AI Puts Network Architecture Back in Focus
AI's demand for high-bandwidth, low-latency data transfer is making networking a critical, high-value component of the tech stack again. After years of being abstracted away by the cloud, network architecture is now a key performance lever for AI/ML workloads. This creates new opportunities for infra startups focused on optimized and programmable networking.
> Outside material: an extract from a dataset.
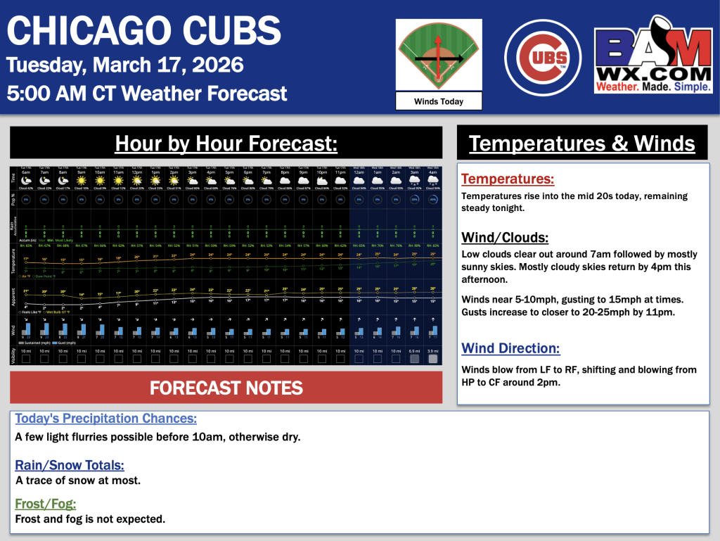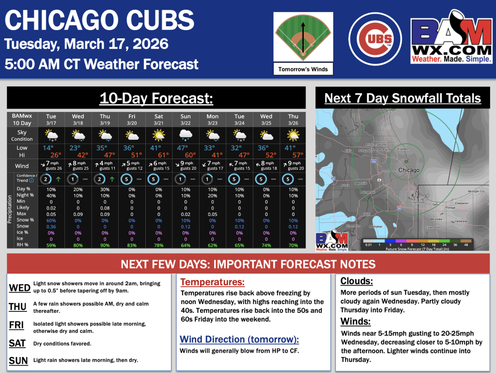 3-17-26 Chicago Cubs.A. By Alexis RatkayOn March 17, 2026 Good morning! Here is your latest Chicago Cubs Forecast Update. PDF: Chicago Cubs

The performance bottleneck for large AI models is shifting from pure compute to data movement, as expensive GPUs sit idle waiting for data. Technologies like Remote Direct Memory Access (RDMA) have become critical, allowing network cards to access memory on other servers directly, bypassing the CPU and slashing latency. This has led to the widespread adoption of RDMA over Converged Ethernet (RoCE) in major AI clusters, including those at Meta. This shift ignited a battle between two networking standards: InfiniBand and Ethernet. InfiniBand, historically dominant in high-performance computing, offers ultra-low latency but often comes with higher costs and vendor lock-in. Ethernet, the ubiquitous data center standard, is now catching up for AI workloads with 400G/800G speeds and RoCE, championed by the Ultra Ethernet Consortium for its flexibility and cost-effectiveness. Nvidia solidified its dominance by acquiring Mellanox, a leader in InfiniBand founded by Eyal Waldman, for $7 billion in 2020. This strategic purchase gave Nvidia an end-to-end AI infrastructure stack, from its GPUs to the high-performance fabric connecting them, a move seen as crucial with the slowing of Moore's Law. Challengers are betting on an open, Ethernet-based ecosystem. Broadcom's Jericho3-AI chip is designed to connect up to 32,000 GPUs in a single fabric, aiming to reduce job completion times for AI training. Meanwhile, Arista Networks focuses on software-driven networking with its EOS (Extensible Operating System) to manage large-scale AI and cloud data centers. In India, the government's IndiaAI Mission is infusing over $1 billion to create sovereign compute capacity. This initiative involves collaborations with cloud providers like Yotta and Bangalore-based E2E Networks to build out AI factories using tens of thousands of Nvidia GPUs. The scale of investment is massive, with corporations planning their own vertically integrated infrastructure. The Adani Group, for example, has announced a $100 billion plan to build 5 GW of renewable-powered, AI-ready hyperscale data centers in India by 2035, partnering with major cloud providers.